Crescimento económico
Ouve-se agora que a economia moçambicana não pode crescer aos ritmos anteriores (cerca de
Crescimento e desenvolvimento
Também se tem dito que em Moçambique tem havido crescimento mas ainda não há desenvolvimento. Mas tem sido assim quase sempre na nossa história! O que revelam os indicadores da pobreza, as desigualdades na distribuição do rendimento, o Índice de Desenvolvimento Humano, os estudos de nutrição, os indicadores da saúde, e tantos outros? Porquê agora esse discurso? Será que o discurso prepara algum a publicação de algum documento oficial onde está evidente que a pobreza se agravou nos últimos anos? Seria interessante que quando se diz não haver desenvolvimento, também se explicitasse o que significa esse conceito. E como se concretiza. Slogans económicos contraditos pela prática da política económica e suportados por máquinas de propaganda e caixas de resonância já existem suficientes.

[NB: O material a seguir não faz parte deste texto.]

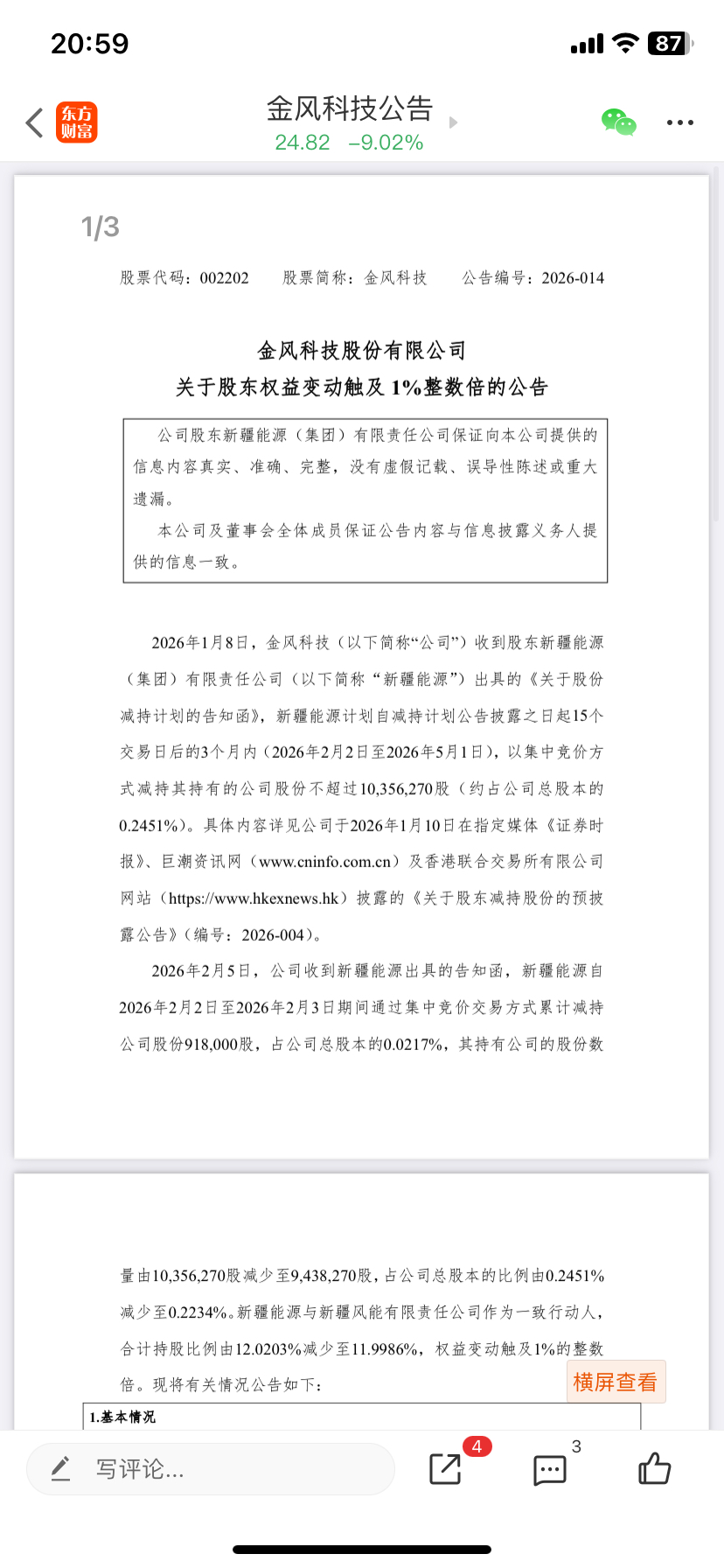 $金风科技(SZ002202)$ 大股东了又,搞不好明天又是跌停的一天
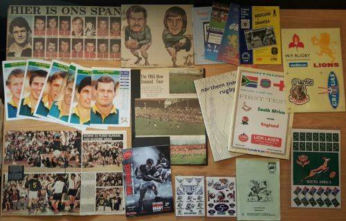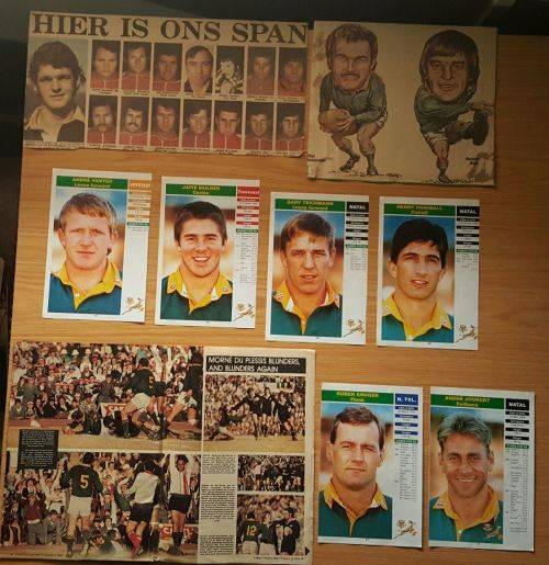 Below : Pictures of the Springbok team - 1st test vs the All Blacks 1976, newspaper drawing by Lou Henning of Piet Veldsman and Robbie Blair, pictures of 1990's Springbok players, 8 page supplement to 'Family Radio & TV' magazine with pictures of the first and second tests vs the All Blacks 1976.

Investimento na agricultura
Diz-se que há pouco investimento na agricultura. Mas porquê agora quando essa realidade tem mais de duas décadas, o que é contrário ao discurso político que refere a agricultura como base do desenvolvimento? E se for retirado o investimento nas culturas de exportação (açúcar, algodão, tabaco e florestas) o que resta não alcançará os 3 ou 4% do investimento total. Qual a prioridade da produção alimentar e dos camponeses que produzem a quase totalidade dos alimentos? E o combate à pobreza passa necessariamente por mais produção de alimentos? Qual dos endinheirados e capitalistas moçambicanos já investiu seriamente na produção de culturas alimentares?
Modelos do ajustamento estrutural
Já se diz que é preciso rever o modelo do ajustamento estrutural aplicado a partir de finais dos anos oitenta. Há tantos estudos sobre diversas economias que revelam claramente que em grande parte dos casos o ajustamento das instituições de Bretton Woods produzem pobreza, desigualdades sociais, debilidade do Estado, assimetrias espaciais, secundarização da agricultura e do meio rural, atrofiamento do mercado interno, dependência económica e tanto mais? E não foi isso que aconteceu em Moçambique nos últimos vinte anos? Mas qual será essa revisão?
Resumo
Algumas análises económicas parecem estarem a sair, por razões óbvias, da categoria de matéria tabu. Quiçá produzindo outros tabus e slogans. Em relação a uns quantos assuntos, começa-se a aceitar que afinal a economia não vai assim tão bem. Em outros aspectos persiste-se na manipulação e por vezes com afirmações tecnicamente erradas. A mudança ou o ajustamento do discurso pode ainda reflectir o reconhecimento das realidades se estarem a tornar incontornáveis e não mais camufláveis. Estamos perante discursos mais realistas ou de discursos preparatórios da opinião pública e do posicionamento governamental perante as evidências das realidades?